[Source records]
........
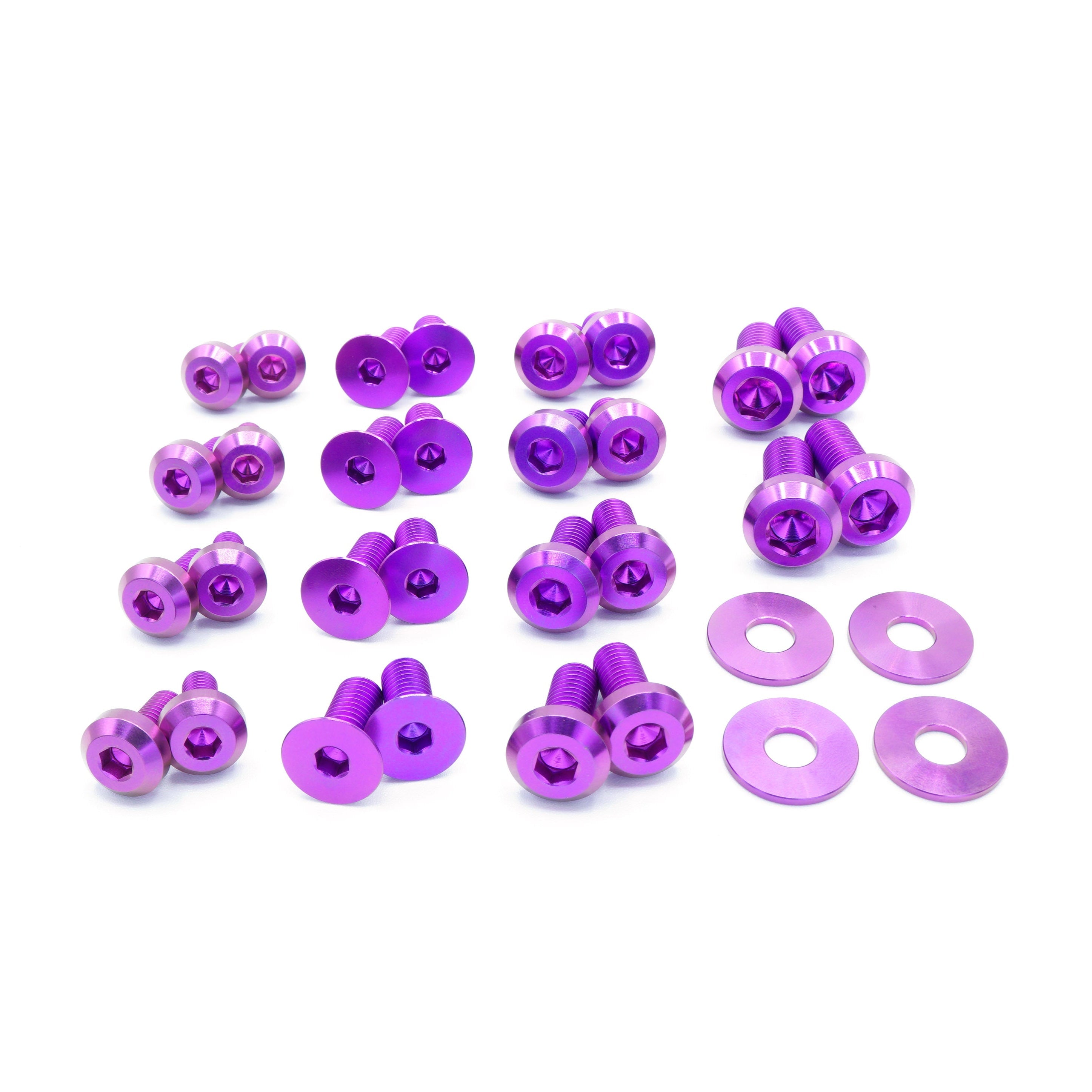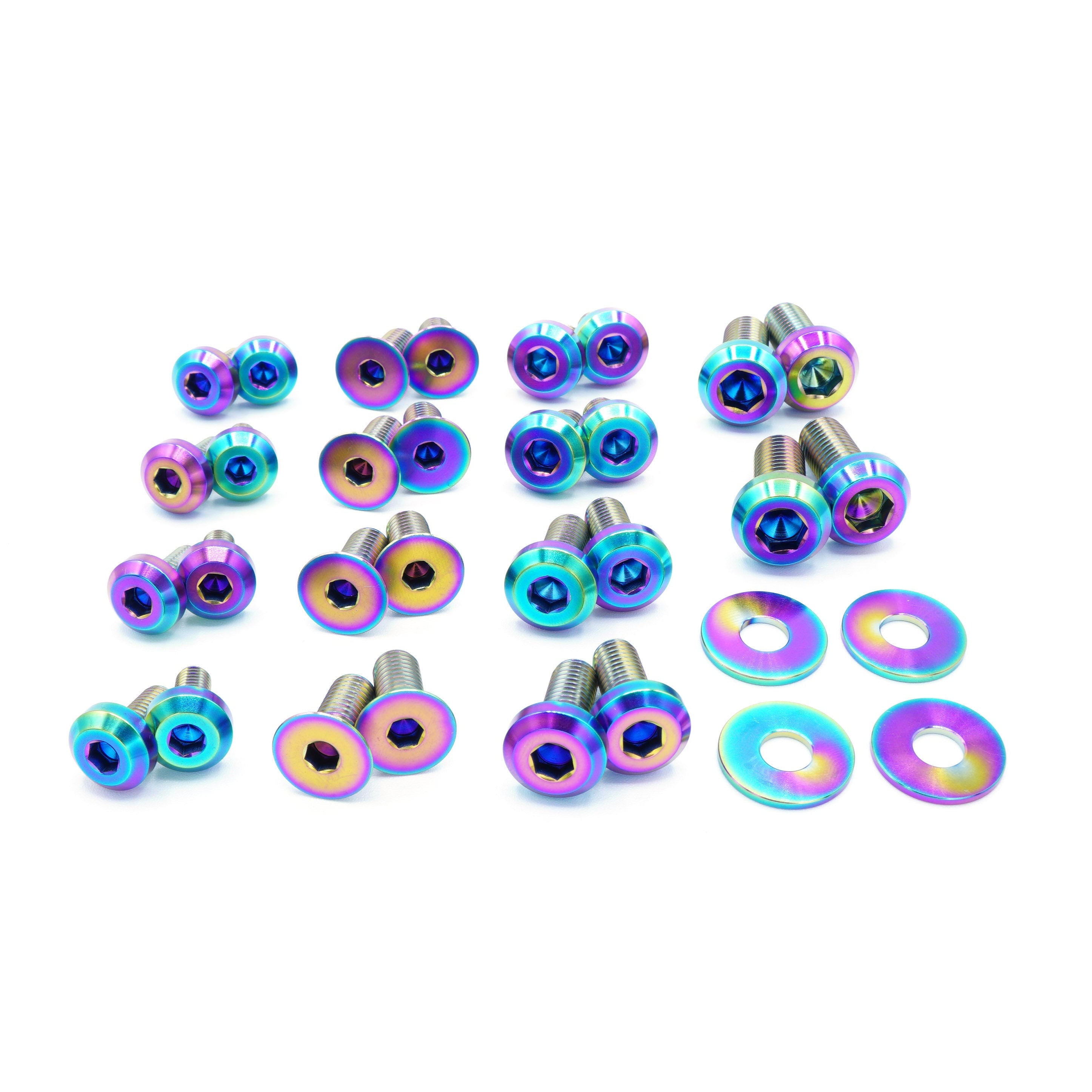 This 30 piece kit includes bolts and washers manufactured from extremely durable, anticorrosive, and lightweight GR5 titanium metal.
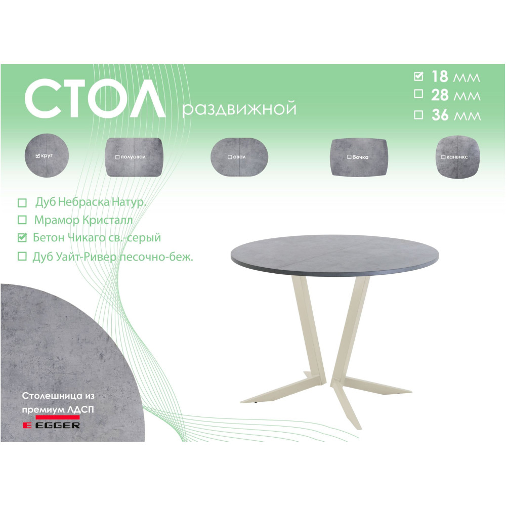 Тип столаобеденный стол | Форма поставкив разобранном виде | Форма столешницыкруг |
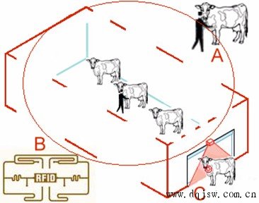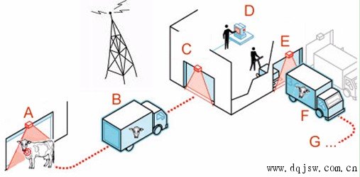 上面所说的情形可以用物联网项目中的实际案例来说明。让我们来观察图2,这是现实世界中的一个例子,牲畜(A)由标签(B)来识别,成为物联网(C)中的一个数字对象。此后,业务的各种计算就可以用数字对象来处理了。
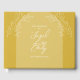Este livro de hóspedes do casamento é mostrado num estilo de arco e apresenta um design floral. Mostrado em cor dourada. Excelente dia de papelaria para o seu casamento. Personalize o texto na parte frontal e altere o texto no painel lateral. Use a modelo para criar seu próprio livro de hóspedes florais do estilo arco de ouro.
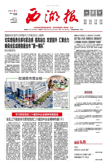 2025年12月5日 星期五 第2475期 本期四版 温馨提示 今日西湖区 多云5℃-13℃白露垂珠滴秋月
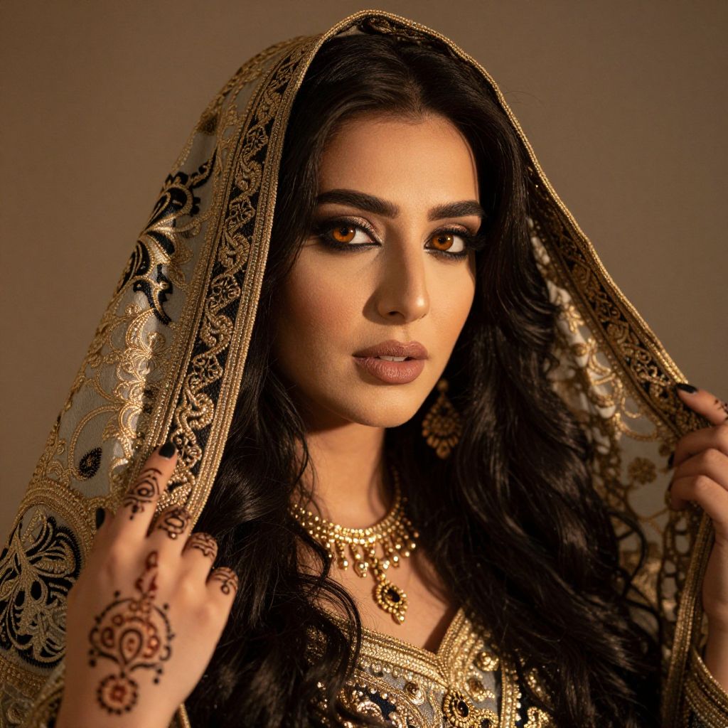 Photograph of a beautiful South Asian woman with long black hair, wearing an ornate gold and black veil, intricate henna on her hand, and
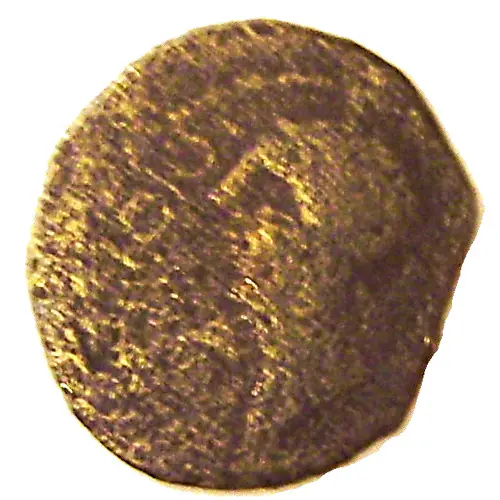Opis rewersu Boar-sign on the right; below, a flower; above, the remains of a dextrorotatory triskelion.
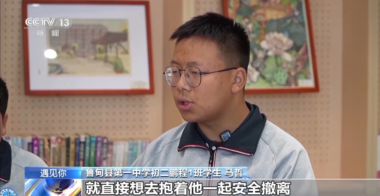 在初二鹏程1班,第一波震感过后,老师迅速引导大家往空旷地点疏散。然而,当所有人都在往教室外撤离时,学生马哲却没有马上走开,他看向双腿行动不便的同桌——马敏欧。
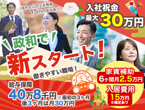 入社祝い金40万円/30万円(経験/未経験)★同乗研修からJPN★日曜完全定休★退職金あり★月売上100万円超え多数在籍!
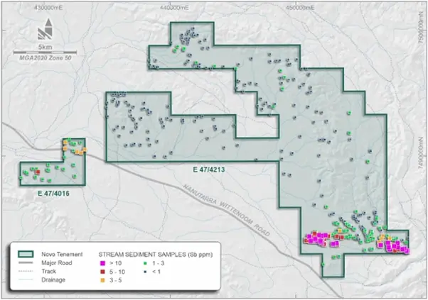 Stream sediment sampling results across Novo’s Wyloo tenements highlight antimony anomalies at the Wyloo Southwest prospect. [Novo Resources]
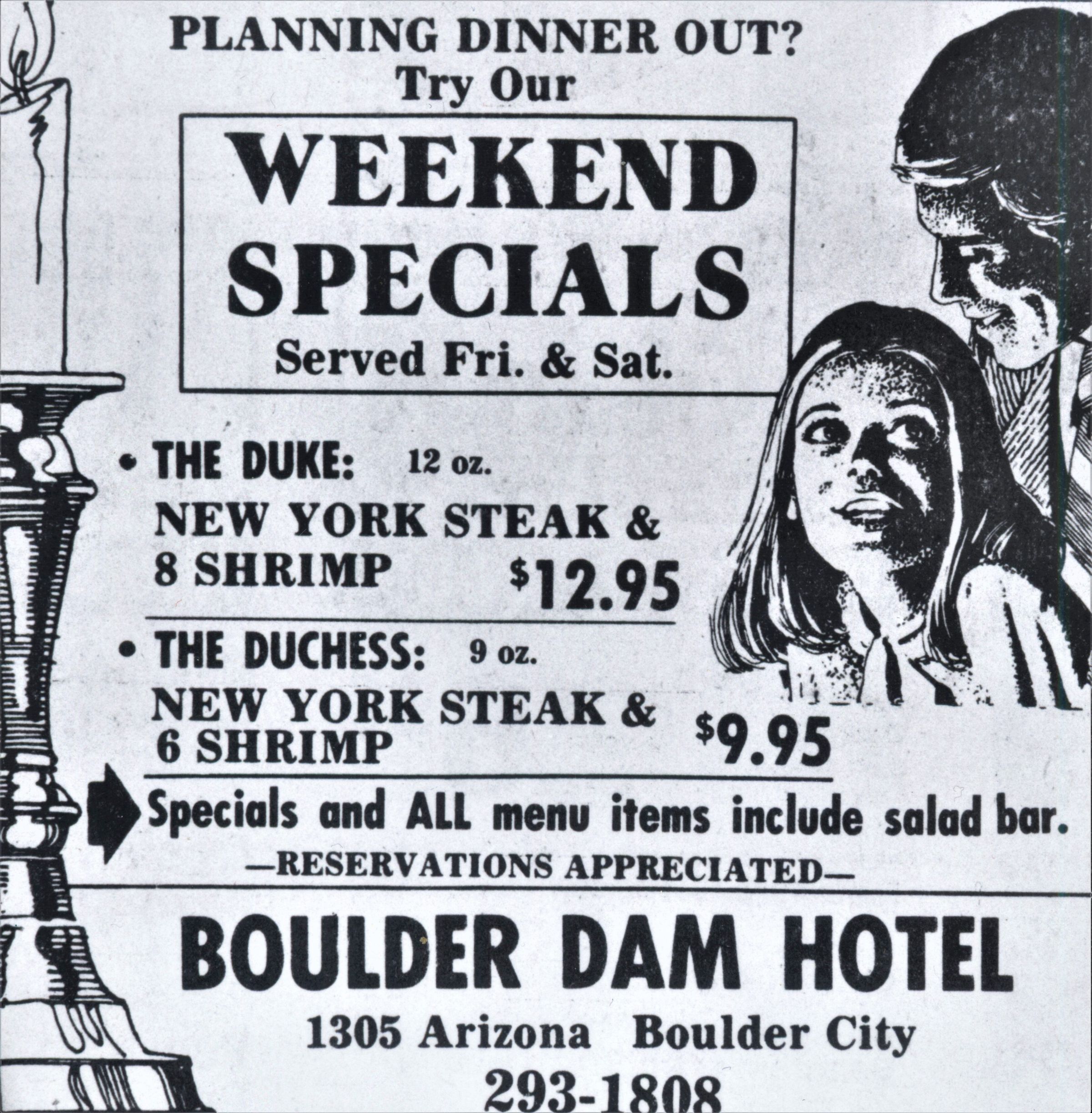 Boulder Dam Hotel- Weekend special" advertisement September 1981Entry/Object ID
........
Take the line with "入社祝い金40万円/30万円" and every line after it through the end of the data, and write only them out exactly, leaving out the pictures.

## Your response:
 入社祝い金40万円/30万円(経験/未経験)★同乗研修からJPN★日曜完全定休★退職金あり★月売上100万円超え多数在籍!
 Stream sediment sampling results across Novo’s Wyloo tenements highlight antimony anomalies at the Wyloo Southwest prospect. [Novo Resources]
 Boulder Dam Hotel- Weekend special" advertisement September 1981Entry/Object ID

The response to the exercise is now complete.